## What to produce
Print the whole listing exactly as it appears, but skip the pictures.

## Stored data

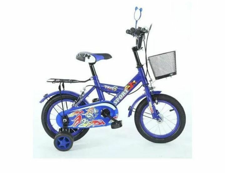 Vélo enfant Storm 16 pouces bleu avec roues stabilisatrices et panier avant. Idéal pour les débutants, conçu pour les jeunes aventuriers.
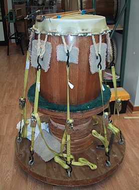 - The drum itself sits on a carpeted disk of plywood. This disk should be at least a couple inches thick. Make sure it is centered on the stack because it is under a lot of pressure.
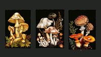 Haal de herfst in huis met deze mooie drieluik van verschillende soorten paddestoelen met zwarte achtergrond.
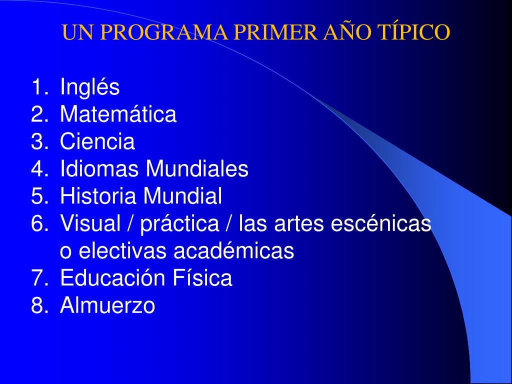 UN PROGRAMA PRIMER AÑO TÍPICO • Inglés • Matemática • Ciencia • Idiomas Mundiales • Historia Mundial • Visual / práctica / las artes escénicaso electivas académicas • Educación Física • Almuerzo
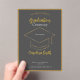 Celebrate your special achievement with this elegant grey and gold graduation invitation. Designed with a refined charcoal grey background, luxurious gold accents, and a modern graduation cap illustration, this card brings a stylish and sophisticated touch to your ceremony announcement. Perfect for graduates looking for a timeless, classy, and premium invitation to share with family and friends.

## Result
 Vélo enfant Storm 16 pouces bleu avec roues stabilisatrices et panier avant. Idéal pour les débutants, conçu pour les jeunes aventuriers.
 - The drum itself sits on a carpeted disk of plywood. This disk should be at least a couple inches thick. Make sure it is centered on the stack because it is under a lot of pressure.
 Haal de herfst in huis met deze mooie drieluik van verschillende soorten paddestoelen met zwarte achtergrond.
 UN PROGRAMA PRIMER AÑO TÍPICO • Inglés • Matemática • Ciencia • Idiomas Mundiales • Historia Mundial • Visual / práctica / las artes escénicaso electivas académicas • Educación Física • Almuerzo
 Celebrate your special achievement with this elegant grey and gold graduation invitation. Designed with a refined charcoal grey background, luxurious gold accents, and a modern graduation cap illustration, this card brings a stylish and sophisticated touch to your ceremony announcement. Perfect for graduates looking for a timeless, classy, and premium invitation to share with family and friends.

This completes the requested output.